[Material supplied — start]

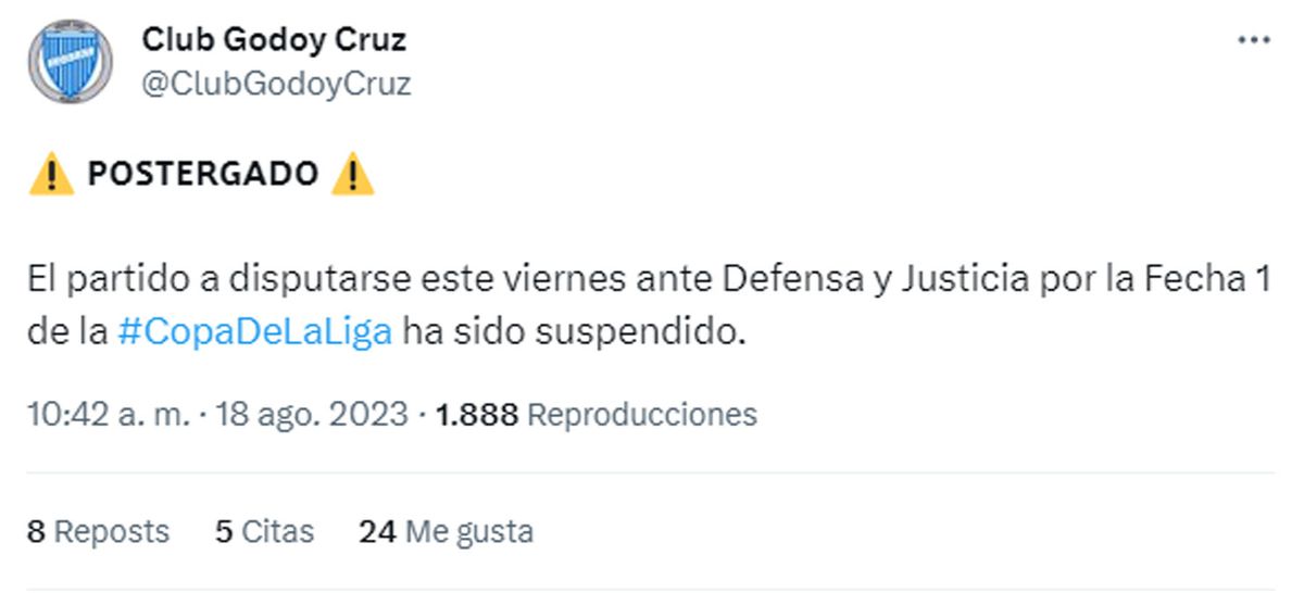 Godoy Cruz, luego de hacer lo imposible para jugar este viernes ante Defensa y Justicia, por la fecha inicial de la Copa de la Liga Profesional, informó que el encuentro fue suspendido a raíz de la suspensión de vuelos por las condiciones climáticas.
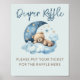 Blue Teddy Bear Over the Moon Baby Shower Poster. Add a touch of whimsy and fun to your "Over the Moon" baby shower with this adorable diaper raffle sign! Featuring a cute teddy bear peacefully sleeping on a crescent moon, surrounded by soft clouds and twinkling stars, this sign is the perfect way to guide your guests to participate in the diaper raffle. The playful phrase "Diaper Raffle, Please Put Your Tickets for the Raffle Here" ensures that your guests know exactly where to drop their tickets, making the raffle a seamless and enjoyable part of your baby shower.
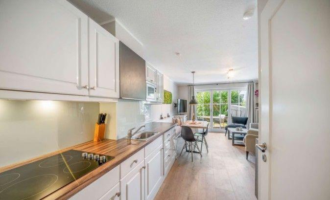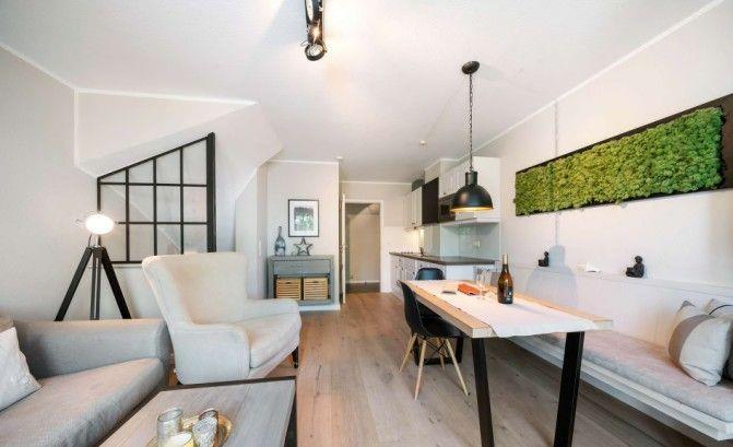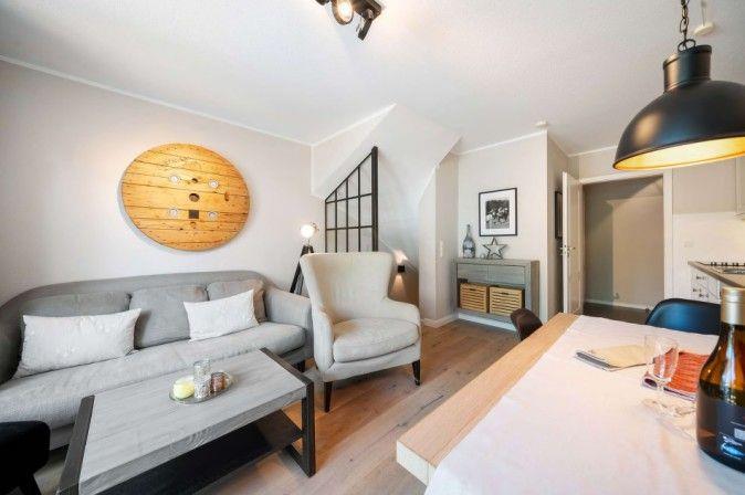 Auf zwei Etagen und rund 60 m² bietet das Küstennest ein hochwertiges Zuhause für bis zu vier Personen. Der helle Wohnbereich mit gemütlicher Sofaecke und Sessel lädt zu entspannten Stunden ein. Eine offene, gut ausgestattete Küche mit angrenzendem Essbereich bietet alles, was Sie für gemeinsame Mahlzeiten benötigen – funktional, stilvoll und harmonisch ins Wohnkonzept eingebettet. WLAN steht selbstverständlich zur Verfügung.
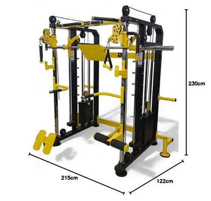 Built with heavy-duty steel framing, this machine integrates multiple workout stations that allow you to perform over 100+ exercises, covering every major muscle group. From cable crossovers and triceps pushdowns to squats, bench presses, and lat pulldowns, this machine redefines what total-body training looks like. The bright yellow and black industrial finish is not only visually stunning but also powder-coated for extra protection and durability.
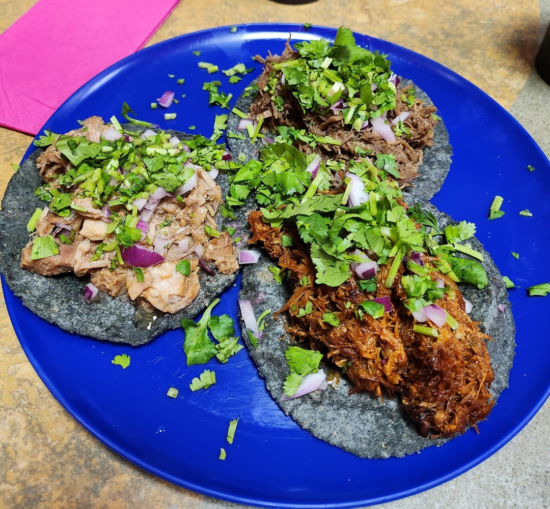 First pic clockwise from the left: carnitas, suadero beef, and spicy pork chicharron.
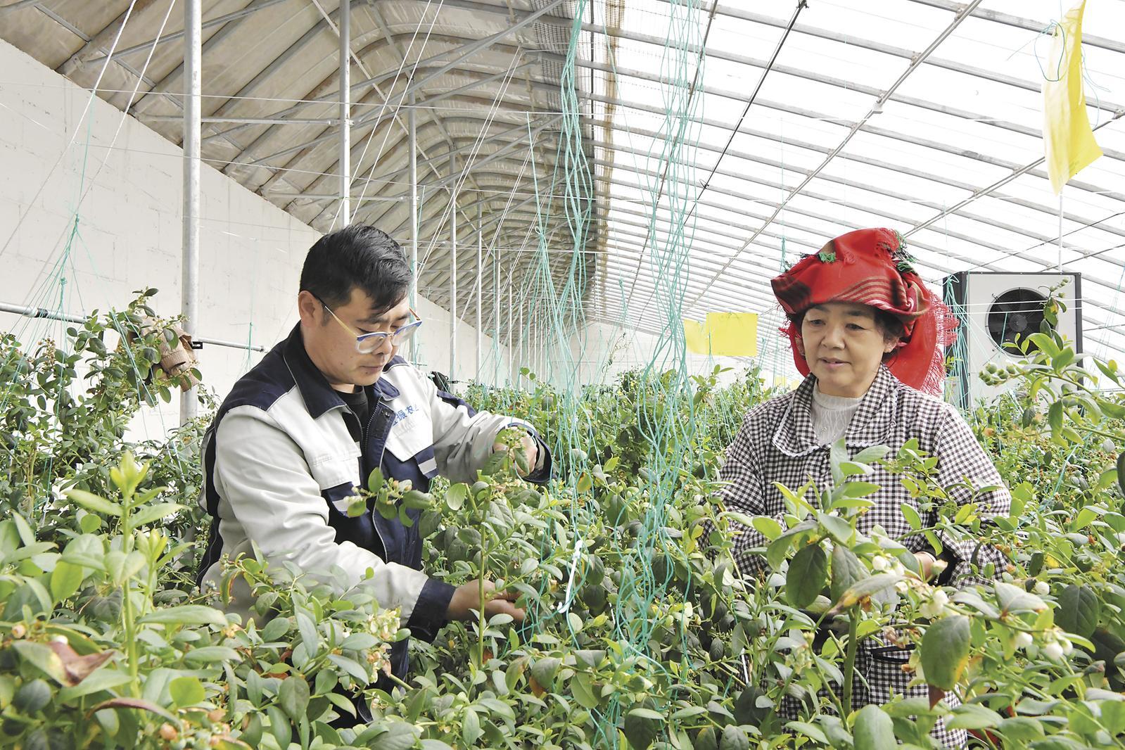 技術(shù)員指導(dǎo)村民為藍(lán)莓吊枝。

[Material supplied — finish]

Activity
Retype exactly, and only, the lines from the one containing "Built with heavy-duty" through the end of the material, leaving aside every picture.

Worked solution
 Built with heavy-duty steel framing, this machine integrates multiple workout stations that allow you to perform over 100+ exercises, covering every major muscle group. From cable crossovers and triceps pushdowns to squats, bench presses, and lat pulldowns, this machine redefines what total-body training looks like. The bright yellow and black industrial finish is not only visually stunning but also powder-coated for extra protection and durability.
 First pic clockwise from the left: carnitas, suadero beef, and spicy pork chicharron.
 技術(shù)員指導(dǎo)村民為藍(lán)莓吊枝。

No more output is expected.